_Exercise aim_
Upon reaching the line that contains "Chaque année, le" in the records below, begin repeating every line exactly through the last one, skipping pictures.

Records from a collection:
============
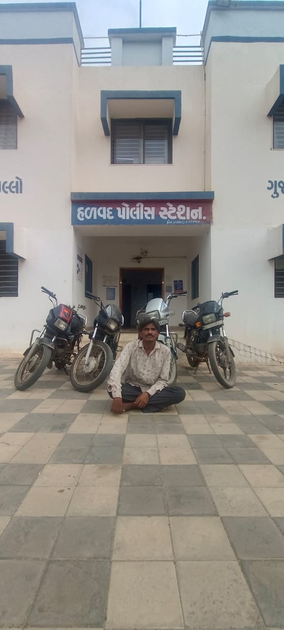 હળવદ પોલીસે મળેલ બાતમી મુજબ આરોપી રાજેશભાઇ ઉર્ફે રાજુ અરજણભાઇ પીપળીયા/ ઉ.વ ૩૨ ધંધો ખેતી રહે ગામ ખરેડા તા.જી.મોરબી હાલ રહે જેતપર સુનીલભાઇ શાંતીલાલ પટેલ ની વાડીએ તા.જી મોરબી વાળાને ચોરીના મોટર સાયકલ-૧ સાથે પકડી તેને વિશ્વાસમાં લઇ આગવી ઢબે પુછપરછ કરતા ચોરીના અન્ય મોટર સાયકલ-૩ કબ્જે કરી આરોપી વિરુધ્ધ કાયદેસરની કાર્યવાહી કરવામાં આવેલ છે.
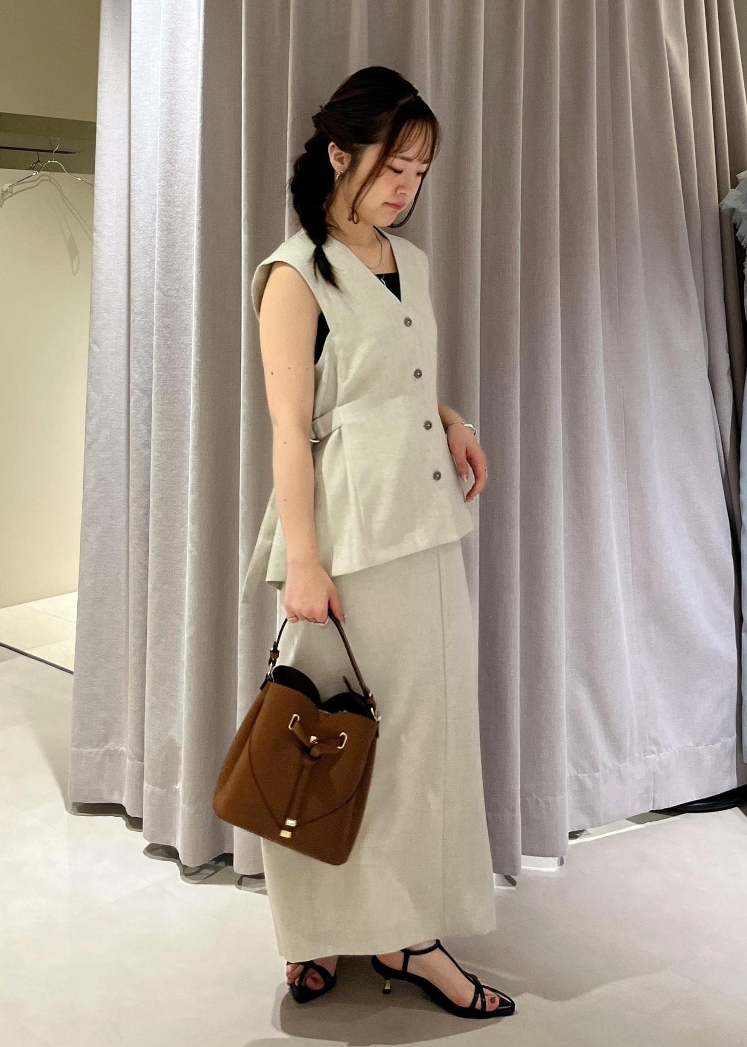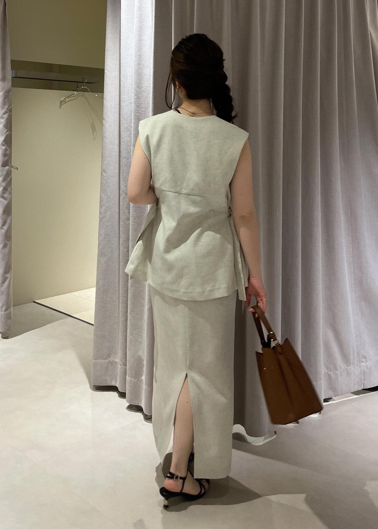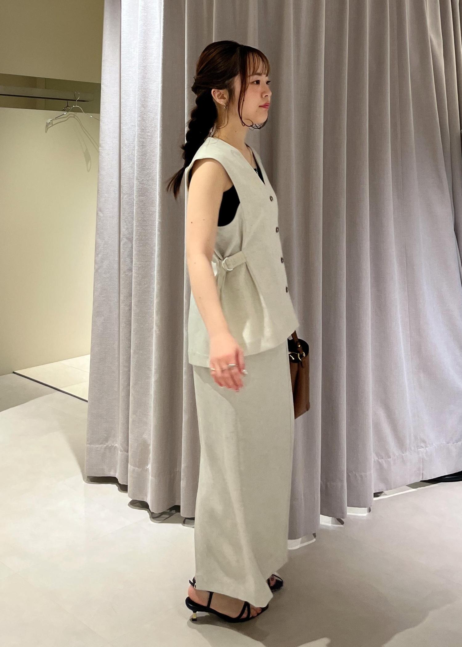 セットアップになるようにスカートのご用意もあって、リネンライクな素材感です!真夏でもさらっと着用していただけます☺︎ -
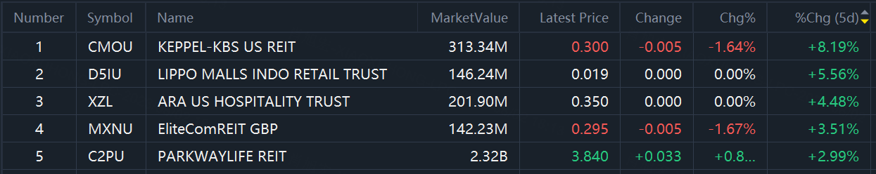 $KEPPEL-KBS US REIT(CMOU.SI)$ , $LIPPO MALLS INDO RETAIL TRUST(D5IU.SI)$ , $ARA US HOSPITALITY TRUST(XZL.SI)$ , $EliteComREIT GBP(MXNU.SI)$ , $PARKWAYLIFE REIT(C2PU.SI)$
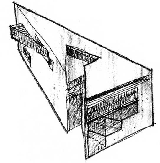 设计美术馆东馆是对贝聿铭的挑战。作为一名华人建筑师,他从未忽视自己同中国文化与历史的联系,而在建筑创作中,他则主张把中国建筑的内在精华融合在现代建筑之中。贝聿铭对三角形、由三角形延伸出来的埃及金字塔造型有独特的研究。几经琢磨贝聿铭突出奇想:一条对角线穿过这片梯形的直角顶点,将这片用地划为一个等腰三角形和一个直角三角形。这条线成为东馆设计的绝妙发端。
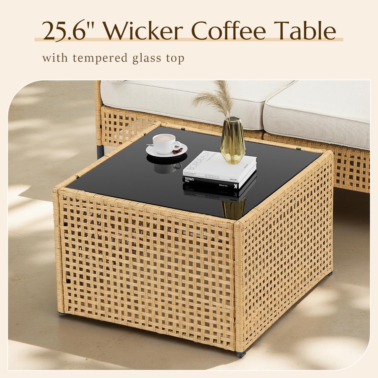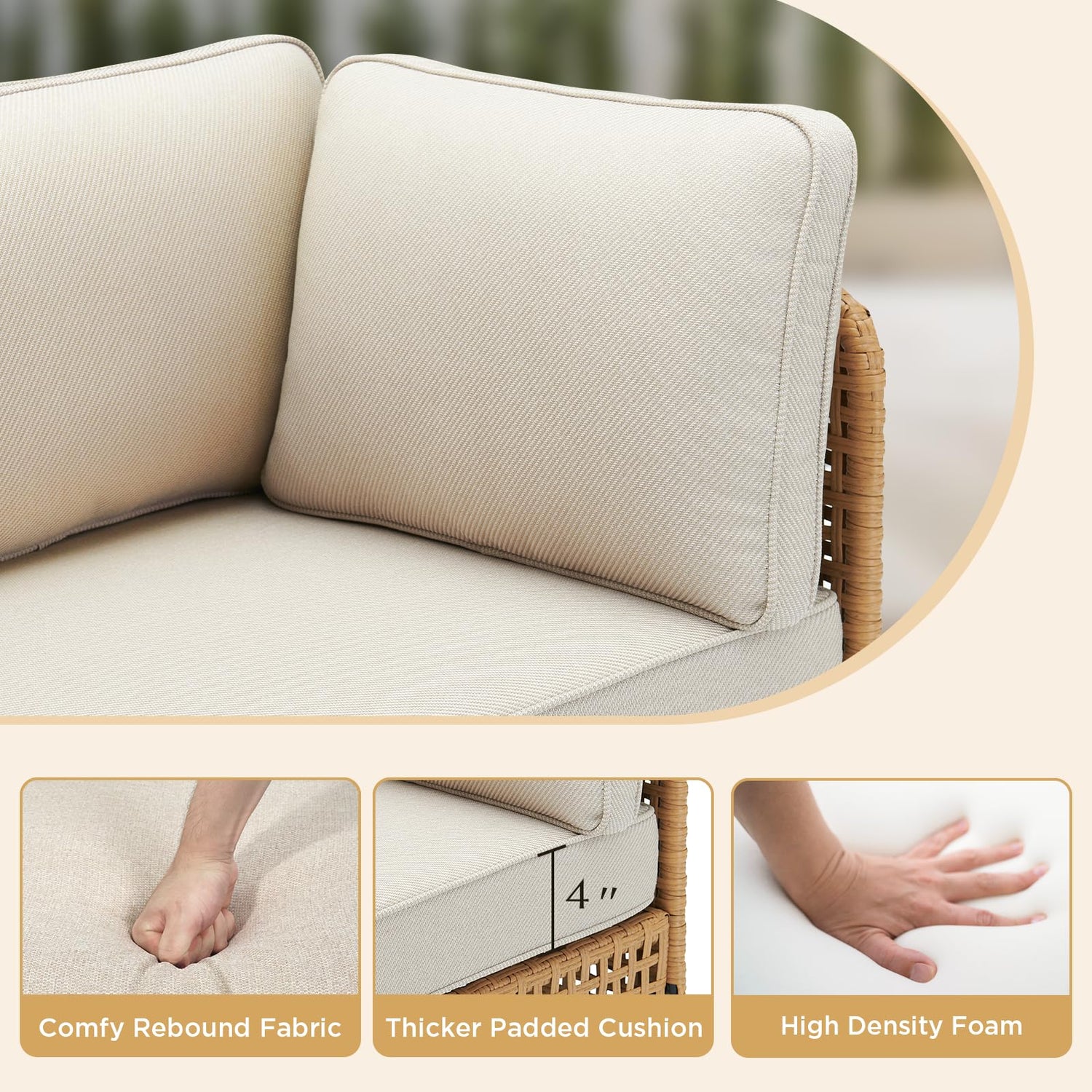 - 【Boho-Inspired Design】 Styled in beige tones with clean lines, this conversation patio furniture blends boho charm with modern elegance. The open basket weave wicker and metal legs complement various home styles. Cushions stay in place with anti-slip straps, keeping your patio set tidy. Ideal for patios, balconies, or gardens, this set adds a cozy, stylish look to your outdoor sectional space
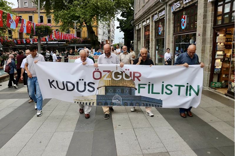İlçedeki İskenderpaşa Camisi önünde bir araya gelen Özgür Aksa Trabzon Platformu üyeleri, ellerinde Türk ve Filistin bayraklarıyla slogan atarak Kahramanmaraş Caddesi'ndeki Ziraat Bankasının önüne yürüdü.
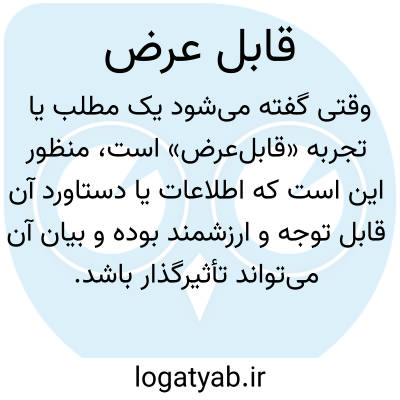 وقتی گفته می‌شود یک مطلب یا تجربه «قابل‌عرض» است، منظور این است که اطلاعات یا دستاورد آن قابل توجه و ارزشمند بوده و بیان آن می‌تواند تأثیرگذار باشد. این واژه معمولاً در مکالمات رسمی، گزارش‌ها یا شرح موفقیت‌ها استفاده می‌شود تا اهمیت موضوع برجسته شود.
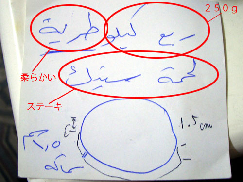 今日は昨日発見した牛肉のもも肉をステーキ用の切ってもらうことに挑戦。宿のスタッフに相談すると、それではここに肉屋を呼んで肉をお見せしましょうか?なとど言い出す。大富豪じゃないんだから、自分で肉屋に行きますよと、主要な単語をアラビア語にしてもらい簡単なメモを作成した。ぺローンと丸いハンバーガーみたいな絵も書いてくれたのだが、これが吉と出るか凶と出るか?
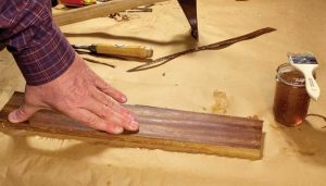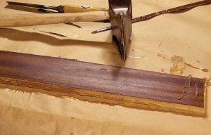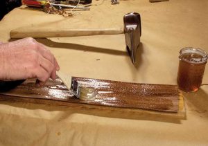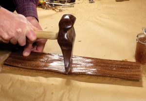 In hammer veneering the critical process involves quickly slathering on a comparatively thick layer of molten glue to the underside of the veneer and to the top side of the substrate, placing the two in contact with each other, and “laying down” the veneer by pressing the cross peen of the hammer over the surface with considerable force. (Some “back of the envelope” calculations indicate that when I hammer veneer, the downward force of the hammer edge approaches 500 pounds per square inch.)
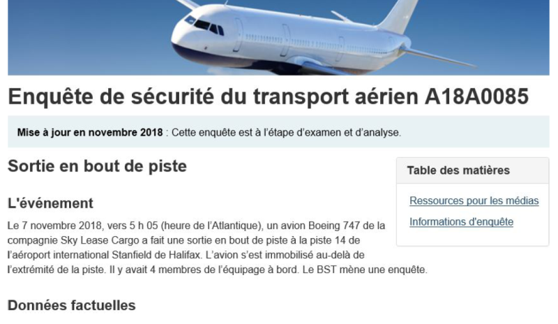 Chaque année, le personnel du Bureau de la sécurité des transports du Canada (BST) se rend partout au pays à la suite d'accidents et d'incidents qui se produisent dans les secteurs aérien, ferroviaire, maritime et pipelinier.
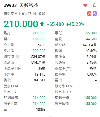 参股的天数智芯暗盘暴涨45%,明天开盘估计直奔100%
============
_Exercise answer_
 Chaque année, le personnel du Bureau de la sécurité des transports du Canada (BST) se rend partout au pays à la suite d'accidents et d'incidents qui se produisent dans les secteurs aérien, ferroviaire, maritime et pipelinier.
 参股的天数智芯暗盘暴涨45%,明天开盘估计直奔100%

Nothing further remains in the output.